The effective sum PRE in regard to the corrosion resistance of the Alloy 825 is equal to PRE 33 and is very low compared with other alloys. Table 2 shows the effective sums PRE according to the prior art.

TABLE 2
Effective sum PRE for various alloys corresponding to the prior art
Alloy	Ni	Fe	Cr	Mo	Others	PRE
Duplex 2205	5.5	Rest	22	3	0.15 N	37
825	40	31	23	3.2		33
28	31	35	27	3.5	1.3 Cu	38
926	25	Rest	19	6	0.16 N	47

This effective sum and therefore the corrosion resistance can be increased by raising the molybdenum content. PRE=1×% Cr+3.3×% Mo (Pitting Resistance Equivalent).

Table 3 shows the results of diverse pitting corrosion investigations. The reduced titanium content has no negative influence on the pitting corrosion temperature. The raised molybdenum content has positive effects.

TABLE 3
Critical pitting corrosion temperature in 6% FeCl3 + 1%
HCl, over 72 hours (ASTM G-48 Method C).
	T in ° C.	Ni	Cr	Mo	N	Ti	PRE
LB 2316	35	39.2	22.4	3.1	0.04	<0.04	33
LB 2317	40	40.1	22.5	4.2	0.03	<0.04	36
LB 2318	50	39.8	22.8	5.2	0.04	<0.04	40
LB 2319	55	38.8	22.9	6.1	0.04	<0.04	43
LB 2320	50	39	22.1	6.2	0.1	<0.03	43
LB 2321	50	40.2	22.6	6.2	0.04	0.4	43
LB 2322	40	40	23.1	6.3	0.1	0.4	44
Alloy 825Reference	30	40	23	3.2	<0.02	0.8	33

Further corrosion investigations likewise revealed an improvement of the critical crevice corrosion temperatures compared with Alloy 825. These are presented in Table 4.

TABLE 4
Critical pitting corrosion temperature (CPT) and
crevice corrosion temperature (CCT)
	CPT	CCT
Alloy	in ° C.	in ° C.	Ni	Cr	Mo	V	Ti	PRE
825*	30	<5						33
PV661	40	15	40	23	3.3	<0.002	0.8	34
PV662	50	20	40	23	5.9	<0.002	<0.002	42
PV663	50	20	39	23	5.8	0.4	<0.002	42

The offset yield strength and the tensile strength can be improved by 15% and 30% cold-working. The associated investigation results of diverse laboratory alloys are listed in the following table.

TABLE 5
Tension tests at RT
				A	Z
Condition	Alloy	Rp0.2	Rm	(%)	(%)
Solution-	825	304	646	—	51
annealed	Reference
	825 Plus (A)	389	754	39	59
		369	772	39.5	61
	825 Plus (B)	390	765	42.5	62
		383	755	40	63
15% cold work	825	670	775	22	71
		697	793	19.5	65
		685	779	23.5	69
	825 Plus (A)	903	973	14.5	51
		893	964	13.5	50
		943	987	13.5	54
	825 Plus (B)	929	974	12.5	56
		877	964	12.5	51
		887	962	9.5	49
30% cold work	825	852	923	14	63
		832	922	13.5	66
		842	920	17.5	64
	825 Plus (A)	979.0	1071.0	11.5	51.0
		970.0	1079.0	8.5	35.0
		996.0	1078.0	11.0	46.0
	825 Plus (B)	980.0	1078.0	11.5	47.0
		980.0	1071.0	11.0	48.0
		996.0	1083.0	10.5	48.0

FIGS. 1 and 2 show results of tension tests, on the one hand for the reference alloy 825 and on the other hand for alternative alloys.

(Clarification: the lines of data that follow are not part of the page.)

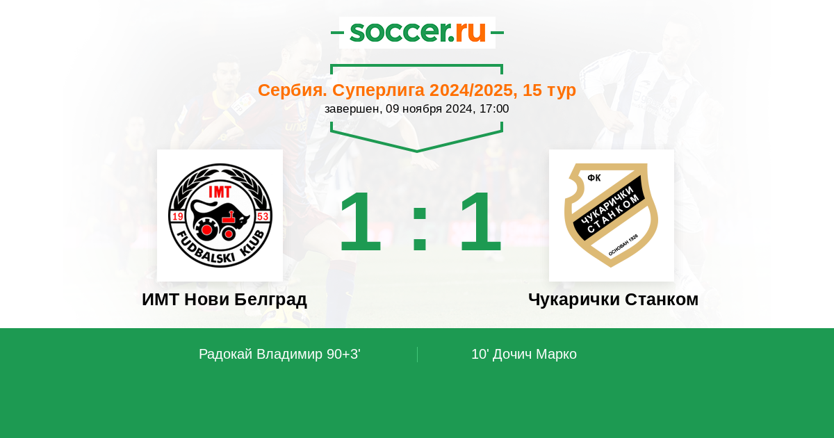 ИМТ Нови Белград 1:3 Чукарички Станком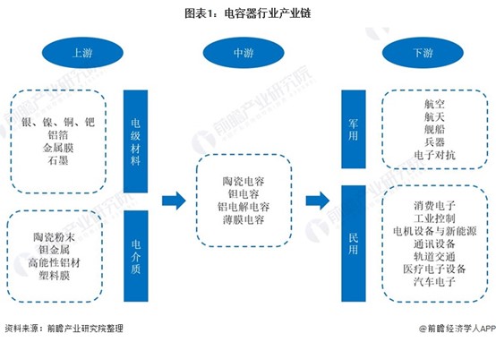电容器产业链上游为电极材料和电解质材料行业,下游行业主要应用于军用和民用领域,军用领域包括航空、航天、舰船、兵器、电子对抗等,民用领域包括消费电子、工业控制、电力设备及新能源、通讯设备、轨道交通、医疗电子设备及汽车电子等。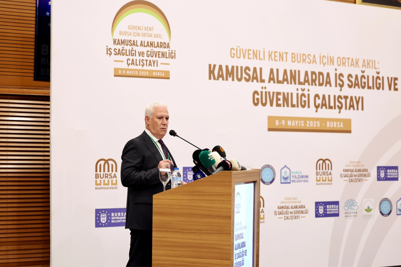 Kamusal alanlardaki iş sağlığı ve iş güvenliği ile belediyeler arasındaki iş birliğini ve kamusal verimliliği artırmak amacıyla Bursa Belediyeler Birliği’nin ev sahipliğinde ve Bursa Büyükşehir Belediyesi’nin katkılarıyla ‘Güvenli Kent Bursa için; Kamusal Alanlarda İş Sağlığı ve Güvenliği Çalıştayı’ düzenlendi. Atatürk Kültür Merkezi Merinos Yerleşkesi’ndeki programa, Marmara Belediyeler Birliği Başkanı ve Bursa Büyükşehir Belediye Başkanı Mustafa Bozbey’in yanı sıra Bursa Vali Yardımcısı Rıza Gençoğlu, Bursa Belediyeler Birliği ve Yıldırım Belediye Başkanı Oktay Yılmaz, kaymakamlar, ilçe belediye başkanları, akademisyenler, kamu kurumu, meslek odası ve sivil toplum kuruluşlarının temsilcileri katıldı. İki gün sürecek olan çalıştayda, 'Kamusal alanlarda risk yönetimi ve güvenlik standartları, İSG eğitim ve farkındalık programları, kamusal alanlarda iş kazaları ve hukuki süreçler, altyapı çalışmaları ve güvenlik yönetimi, yüklenici/hizmet veren kuruluşlarda çalışan güvenliği ve İSG yönetimi, İSG teknolojileri ve dijital çözümler, psikososyal riskler, meslek hastalıkları ve çalışan sağlığı, yangın acil durum yönetimi ve yangın planlaması ile çevresel riskler ve sürdürülebilir İSG politikaları konuları tartışılacak.
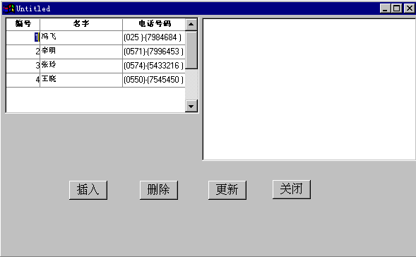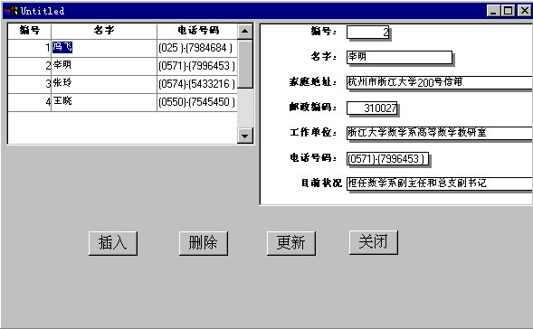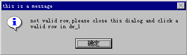 首先从FILE菜单中选择SAVE菜单项来保存我们上面所做的事情,然后关闭所有的窗口,从POWERBAR工具条中单击RUN按钮,系统开始运行我们的应用程序,先弹出的是“个人通讯录管理系统”的登录窗口(图2-37),编辑框是用来输入你的口令,只有口令正确后才可以进入数据操作窗口来浏览和修改你的通讯录中的数据。如果输入一个错误的口令“ERROR”,然后单击OK按钮,可以发现系统没有反应,只是把输入焦点重新切换到编辑框让你重新输入口令,输入正确的口令“MYPASSWORD”后回车,系统关闭登录窗口进入数据操作窗口(图2-38),左边的数据窗口控件中显示的就是通讯录数据库中的所有记录的主要字段的值,单击其中的某个记录,这个记录的详细信息就会显示在右边的数据窗口控件中(图2-39),如果我们单击左边数据窗口上的非记录区域,比如标题栏,可以发现系统弹出一个对话框,其中的内容告诉我们刚才单击的不是一条有效的记录行,这个对话框正是我们自己设计的对话框(图2-40)。单击“确定”按钮关闭消息框,接下来我们插入一条记录,单击“插入”按钮,程序在右边的数据窗口中显示出一条新的记录用来输入记录数据,我们在新记录的各项中依次输入“5,薛明,江苏南京,210001,南京大学物理系,0255544678,目前担任系主任”,输好后单击“更新”按钮,新记录就本插入到数据库中,可以发现在左边的数据窗口中也多了一条刚输入的新记录。在左边数据窗口中鼠标单击入的新记录,然后单击“删除”按钮,这条记录就从右边的数据窗口中删除了,但此时的记录并没有真正从数据库中删除掉,再单击“更新”按钮,这条记录就真正从数据库中删除了,可以发现这时左边的数据窗口中也少了这条记录。对于数据的操作就演示到这,单击“关闭”按钮,应用程序就被终止,系统又回到了POWERBUILER的开发环境下。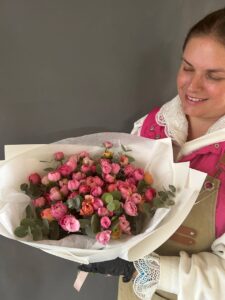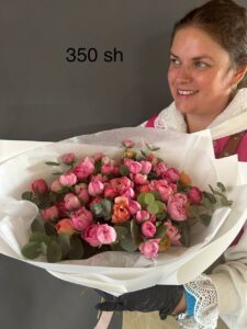 Яркий букет, воплощающий радость и утонченность. Нежные розовые и коралловые розы в сочетании со свежими листьями эвкалипта, оформленные в белую упаковку, создают изысканный образ. Идеален для подарка, украшения интерьера или особого момента.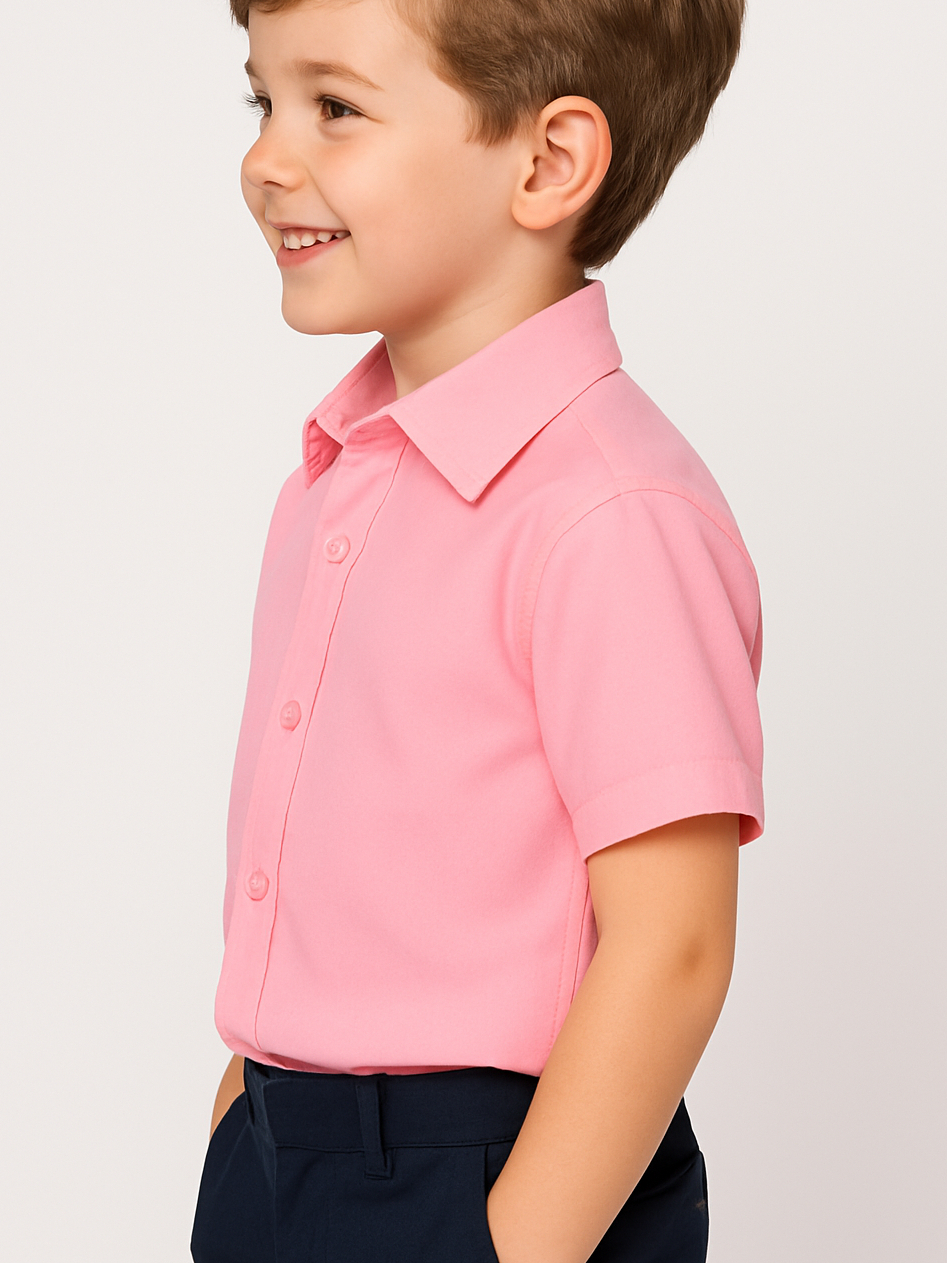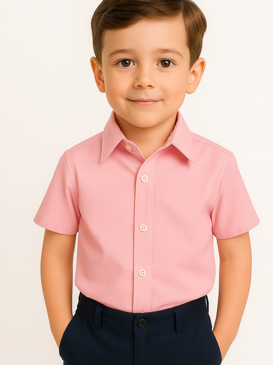 Camisa Social Infantil Rosa Bebê – Manga Curta, Elegante e Fresca | Tamanhos 2 a 10

Molybdenum has a positive effect on the offset yield strength and the tensile strength. The positive influence of molybdenum is illustrated in FIGS. 3 and 4.

The hot-cracking sensitivity of the Alloy 825, which is an Ni-base alloy, was investigated by means of the PVR test (program-controlled deformation cracking test). The critical crosshead speed V_cr in tension was determined by applying a linearly increasing crosshead speed during TIG welding. The investigation results are illustrated in the following graph. The weldability of the material became better with higher crosshead speed and smaller hot-cracking tendency. The titanium-free, high-molybdenum variants (PV 506 and PV 507) exhibited fewer cracks than the standard alloy (PV 942).

TABLE 6
(chemical composition in wt %)
Heat	C	Mn	Si	P	S	Cr	Ni	Mo	Ti
942	0.006	0.76	0.28	0.012	0.002	22.65	39.42	3.17	0.80
(Prior art)
506	0.01	0.86	0.31	0.005	0.005	23.2	39.0	4.9	0.06
(invention)
507	0.01	0.86	0.31	0.005	0.005	23.2	39.2	5.9	0.06
(invention)
Heat	V	Nb	Cu	Fe	Al	Co	B	N	W
942			1.94	R30.5	0.14	0.11
(Prior art)
506
(invention)	0.01	0.13	2.4	28.8	0.14	0.28	0.003	0.02	0.10
507
(invention)	0.01	0.13	2.4	28.7	0.14	0.28	0.003	0.02	0.11

The task is also accomplished by a process for the manufacture of an alloy that has a composition according to one of the objective claims, wherein

• a) the alloy is melted openly in the continuous or ingot casting,
• b) to eliminate the segregations caused by the increased molybdenum content, a homogenizing annealing of the produced blooms/billets is performed at 1150-1250° C. for 15 to 25 h, wherein
• c) the homogenizing annealing is performed in particular following a first hot forming.

Optionally, the alloy may also be produced by ESR/VAR remelting.

The alloy according to the invention will preferably be used as a structural part in the oil and gas industry.

Product forms suitable for this purpose are sheets, strips, pipes (longitudinally welded and seamless), bars or forgings.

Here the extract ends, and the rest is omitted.